So perhaps greed is the question to which spending less is the answer.

But this morning, following the ideas of William Cavanaugh (in his book Being Consumed: Economics and Christian Desires), we are going to suggest that the real challenge for our culture is not greed but consumerism. Yes, for some in our culture, greed may be a problem (they want more and more). But consumerism represents a much wider cultural reality and problem, and greed is only one small part of it.

We are going to look briefly at two aspects of consumerism this morning – again, based on Cavanaugh’s little book. And in each case I want to point out how spending less can be seen as a wise and faithful response. As we conspire to spend less in this season, we are in effect working to undermine something fundamental to the culture in which we live – an aspect of our culture that is at odds with the faith and hope we express in this season.

So the first dimension of consumerism is the dimension of dissatisfaction.

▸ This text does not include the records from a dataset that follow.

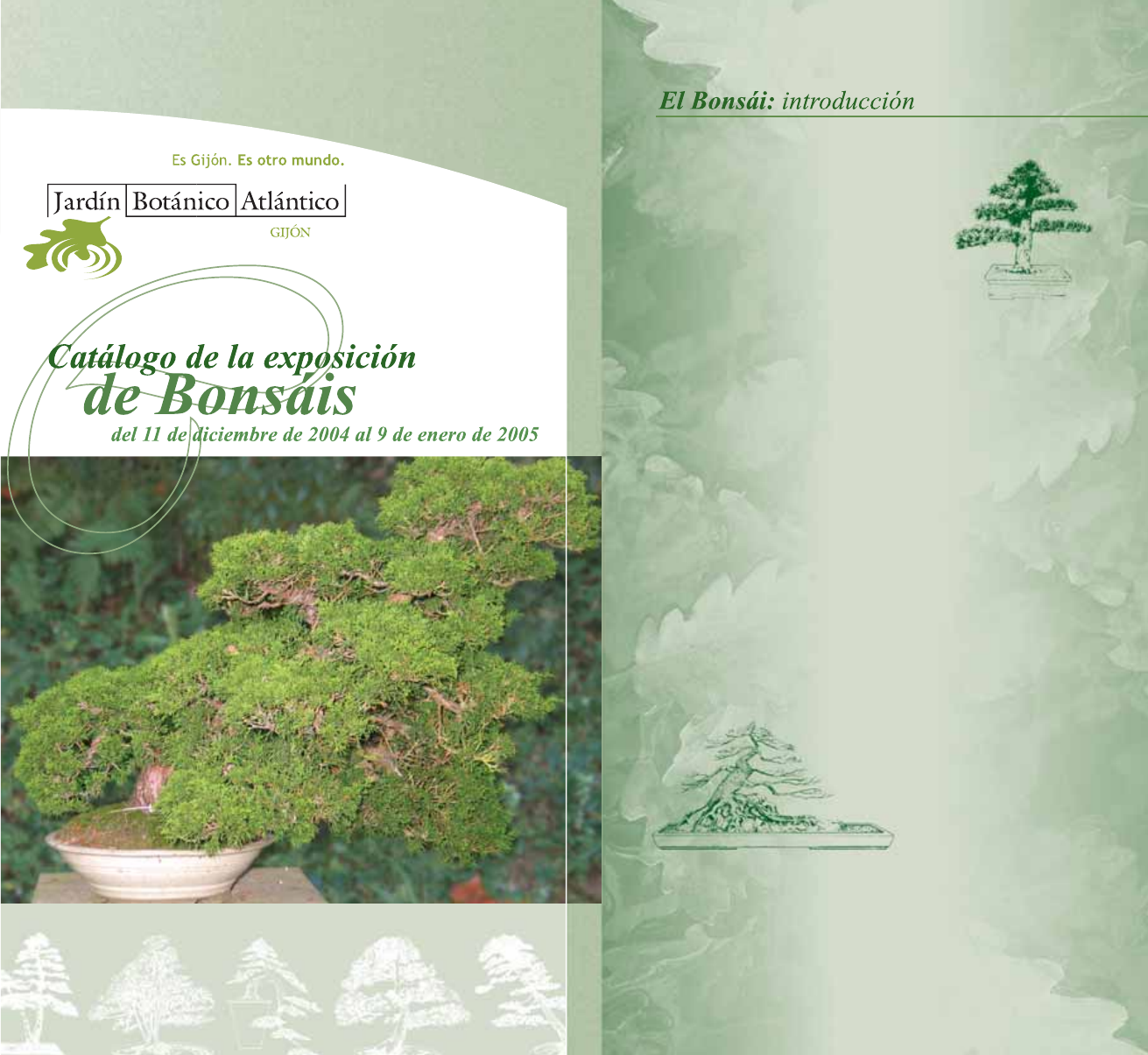 La palabra , aunque es japonesa, se utiliza y se comprende en todo el mundo. La traducción más apropiada sería la de . Ahondando en su definición, en realidad está compuesto de dos palabras: , que significa bandeja poco profunda, y , que quiere decir planta o plantación; aunque más allá de esta literalidad, el término además implica el elemento artístico que lo distingue de un árbol plantado en una maceta. Aunque el arte del bonsái se suele asociar actualmente a Japón, su origen está en China. Ya en torno al siglo XI se encuentran referencias literarias a los término chino para definir al bonsái. Era una actividad propia de la nobleza pero a partir de mediados del siglo XVII deja de ser privilegio de unos pocos para abrirse a todas las clases sociales chinas. En Japón, el bonsái se introdujo como presente ofrecido por los nobles chinos a los embajadores nipones. Fue, inicialmente, un arte aristocrático, cultivado con la misma intensidad espiritual de los maestros chinos y no fue autorizado al pueblo hasta la segunda mitad del siglo XIX. Es entonces, a lo largo del siglo XIX, cuando empezó a manifestarse en Europa un cierto interés por los , que maravillaban a quienes viajaban hasta Extremo Oriente. Pero fue a finales de este siglo, con motivo de la de 1898 y posteriormente en la de celebrada en 1909, cuando multitud de personas se entusiasmaron con las colecciones de auténticos bonsáis que allí se presentaron. Tuvo que pasar medio siglo hasta que la afición de cultivarlos contó con los primeros seguidores en Europa. bonsái bon sai pun-sai “un árbol o arbusto modelado y podado de tal manera que parece un árbol de tamaño normal, cultivado en un recipiente poco profundo para conseguir un efecto artístico y una impresión de la naturaleza” “bonsái” “bonsái” , “arbolitos enanos” Exposición Universal de París Londres “ ” “ ” 21 22 A A B B C 19 18 17 16 15 14 13 10 11 7 12 9 8 2 1 3 4 5 6 Entrada principal Colección de Luis Vallejo Pinus sylvestris Acer palmatum Fagus sylvatica Acer buergerianum Juniperus sabina Juniperus sabina Pinus thumbergiana Cryptomeria japonica Celtis australis Pinus sylvestris A A A A A A A A A A Jardín Botánico Atlántico de Gijón Buxus sempervirens Pinus parviflora pentaphylla Pinus mugo Ligustrum vulgare Juniperus media Buxus sempervirens Ulmus minor Fagus sylvatica Juniperus chinensis Buxus balearica Cedrus atlantica Juniperus rigida Euonymus japonicus Acer palmatum Chamaecyparis lawsoniana Quercus robur Crataegus laevigata Picea abies Taxodium distichum ‘Mirtifolia’ var. ‘Mops’ x ‘Pfitzerana’ ‘Glauca’ ‘Paul’s Scarlet’ ‘Nidiformis’ 2 3 4 5 6 7 8 9 10 11 13 14 16 17 18 19 20 22 1 Real Jardín Botánico de Madrid Buxus sempervirens Cedrus atlantica Pinus uncinata Pinus parviflora pentaphylla Quercus rotundifolia Olea europaea sylvestris Juniperus phoenicea Taxus baccata Crataegus Abies pinsapo Pinus thumbergiana Fagus sylvatica ‘Aurea’ var. var. sp. Museo del Bonsái de Alcobendas Fagus sylvatica Ulmus minor Juniperus sabina Chaenomeles sinensis Arbutus unedo Quercus rotundifolia C C C C C C B B B B B B B B B B B B 3 El Jardín Botánico Atlántico de Gijón presenta una amplia exposición de Bonsáis que incluye 47 ejemplares, algunos de los cuales forman parte de su propia colección permanente, en su mayoría donados por D. Luis Morán a este Botánico y otros, han sido cedidos por el Museo del Bonsái de Alcobendas y el Real Jardín Botánico de Madrid o bien, proceden de la colección privada de D. Luis Vallejo, recono- cido experto y, a su vez, Conservador de la colección de Bonsáis de esas dos citadas instituciones. Con la edición del se ofrecen algunas directrices sobre este complejo y maravilloso arte del cultivo del Bonsái, aportando detalles para la correcta identificación de las especies expuestas así como de los diferentes estilos de formación, el calendario de actuaciones, el herramental básico a utilizar y algunas otras curiosidades que nos acercan al arte milenario del cuidado y delicado manejo de estas plantas, que surgió en el continente asiático pero que ya cuenta entre nosotros con un público conocedor y entusiasta cada vez más amplio. Entre las especies que podemos contemplar en esta Exposición del Botánico descubrimos árboles y arbustos algunos muy familiares como el haya o el arce, y otros más exóticos cuyo origen se encuentra en lejanas latitudes, como el taxodium o ciprés de los pantanos. Una Exposición de Bonsáis sin duda novedosa y singular, y de nuevo una excusa más para visitar el Jardín Botánico Atlántico que pretende divulgar, acercarnos al mundo vegetal que nos es tan próximo y que es capaz de manifestarse de formas tan dispares y diversas. Catálogo de la Expo- sición Dulce Gallego Canteli Presidenta del Jardín Botánico Atlántico 4 El arte del bonsái intenta expresar todo aquello que está representado en la naturaleza. Al igual que la naturaleza transforma las plantas, dependiendo del ambiente existente, presentándolas con portes, formas y agrupaciones diferentes, también el bonsái se moldea en estilos diversos. De hecho, árboles enanos se encuentran accidentalmente en la naturaleza y presentan las mismas características que sus congéneres de tamaño natural, pero a escala reducida. Su peculiar desarrollo no se debe a la intervención del hombre, sino a elementos naturales: los suelos extremadamente rocosos impiden el desarrollo de las raíces, limitando así su crecimiento; los animales herbívoros ejercen como técnicos de la poda y el pinzamiento; el azote del viento modela su figura como un idóneo corsé de alambre... Y la lluvia y el sol cumplen adecuadamente con sus tareas de mantenimiento. Las distintas tendencias y conceptos sobre este arte y su filosofía que han ido desarrollándose en el curso de los siglos, han dado lugar a una gran variedad de estilos, no obstante, al ser hoy Japón la fuente 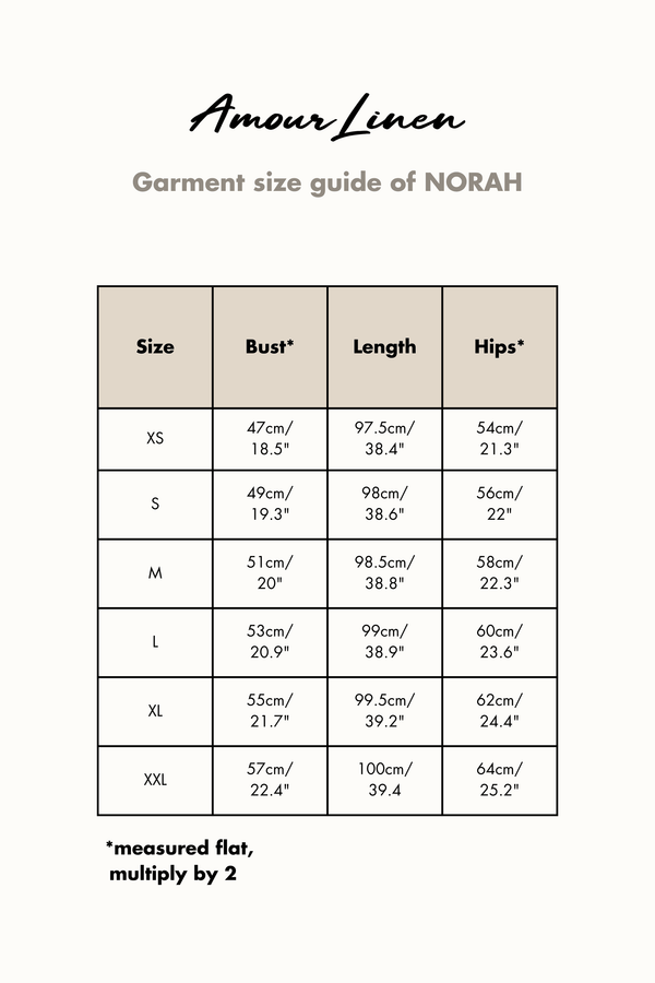 Wash your linen in cold or warm water on a gentle cycle (30-40° / 86-104F). Best to dry naturally in a shady spot. We recommend not using a dryer; you may iron if needed (although we prefer our linen wrinkled!). Do not dry clean as it weakens the fiber.
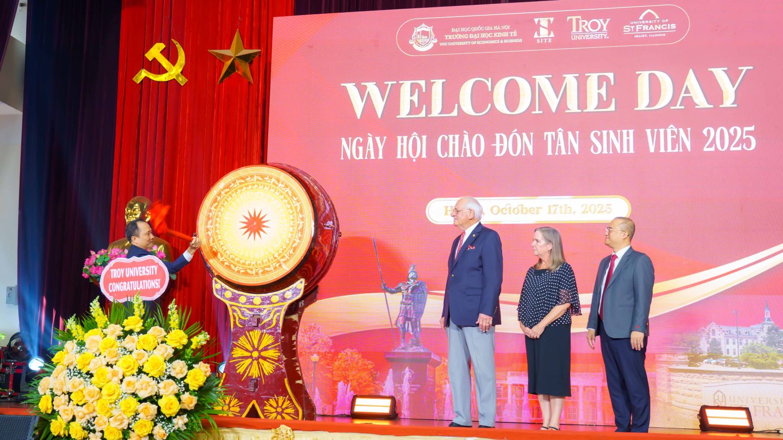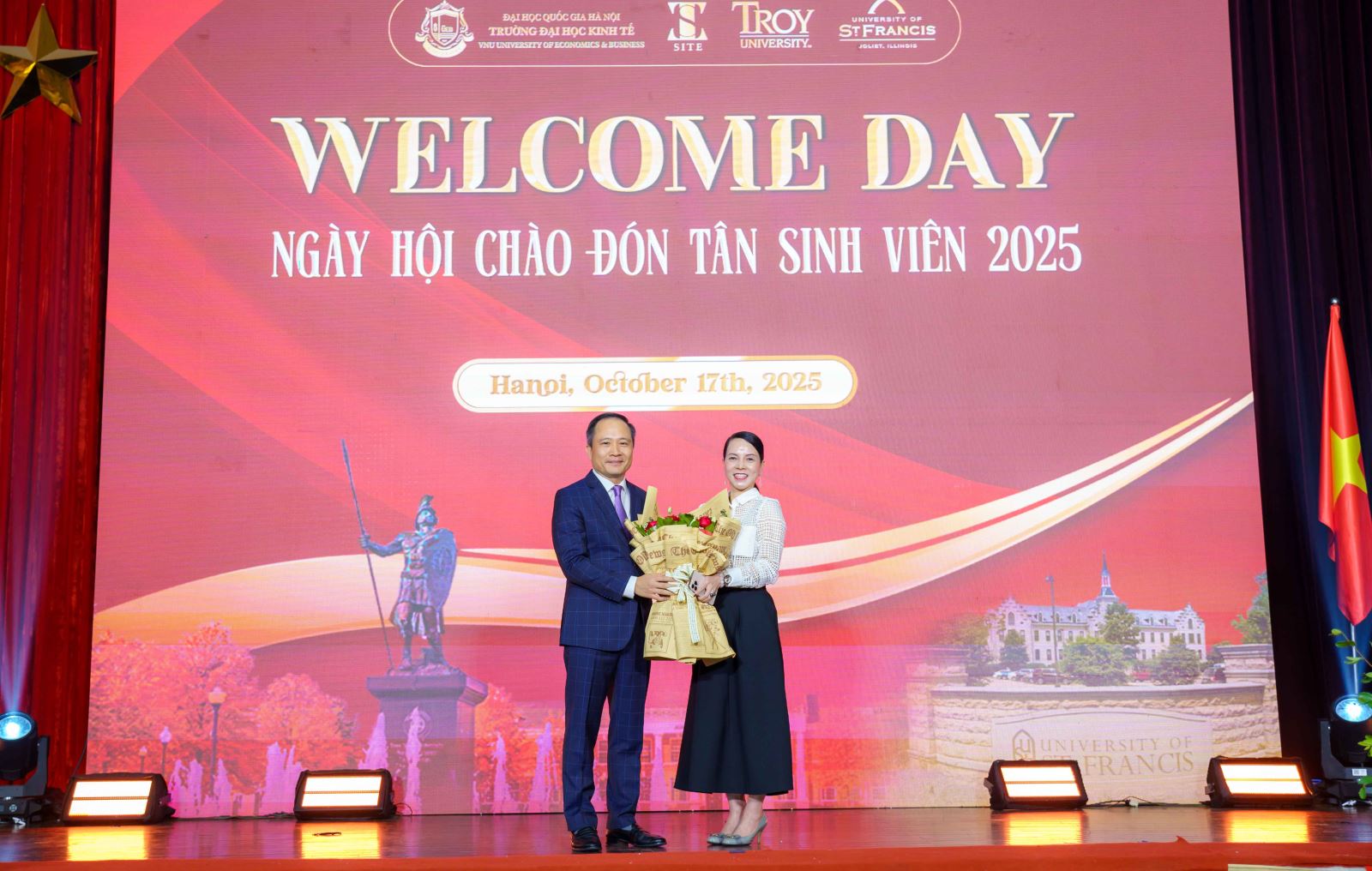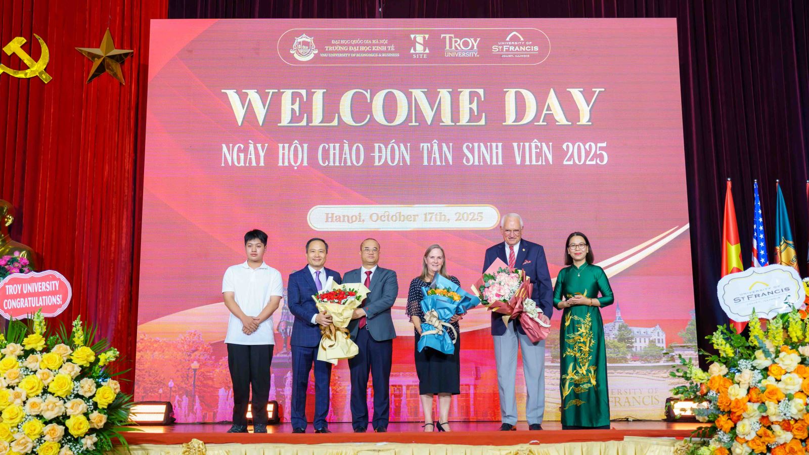 Sáng ngày 17/10/2025, tại Hội trường Nguyễn Văn Đạo, Đại học Quốc gia Hà Nội, không khí trở nên sôi động và đầy cảm xúc khi Viện Đào tạo Quốc tế (UEB-SITE), Trường Đại học Kinh tế, ĐHQGHN long trọng tổ chức “Welcome Day 2025: Ngày hội Chào đón Tân sinh viên”. Đây là sự kiện thường niên có ý nghĩa đặc biệt, đánh dấu khởi đầu hành trình đại học của gần 600 tân sinh viên hai Chương trình BBA USF và BSBA Troy - UEB.

In reflecting on the relation of greed to consumerism, again, Cavanaugh points out: “What really characterizes consumer culture is not attachment to things. People do not hoard money; they spend it. People do not cling to things; [rather,] they discard them and buy other things.”

In this never-ending cycle of buying and possessing, then discarding – and buying and possessing, then discarding – and buying and possessing, then discarding – and buying and possessing, then discarding – in this never-ending cycle, dissatisfaction is a key element. We might say, in fact, that dissatisfaction is the engine of consumerism – dissatisfaction drives consumerism – dissatisfaction drives advertising and sales and corporate profits, and our own cycle of buy and discarding.

Let me quote another longer pieces of text from Cavanaugh:

Consumerism is not so much about having more as it is about having something else; that’s why it is not simply buying but shopping that is the heart of consumerism. Buying brings a temporary halt to the restlessness [and dissatisfaction] that typifies consumerism. This restlessness – the moving on to shopping for something else, no matter what one has just purchased – sets the spiritual tone for consumerism.

We are restless. We are perpetually dissatisfied, and so we shop and shop and shop again.

In terms of technology, we need the latest model of phone, or the latest model of computer, or the latest gaming system. When it comes to clothes, we need the latest colours or the latest seasonal fashions. In terms of appliances we need the latest kitchen gadget, which itself is not built to last, which simply perpetuates the spiral of dissatisfaction. In a culture of consumerism, perpetually dissatisfaction with what we have is encouraged and assumed. Shopping and buying brings relief, on the way to the next round dissatisfaction and renewed shopping.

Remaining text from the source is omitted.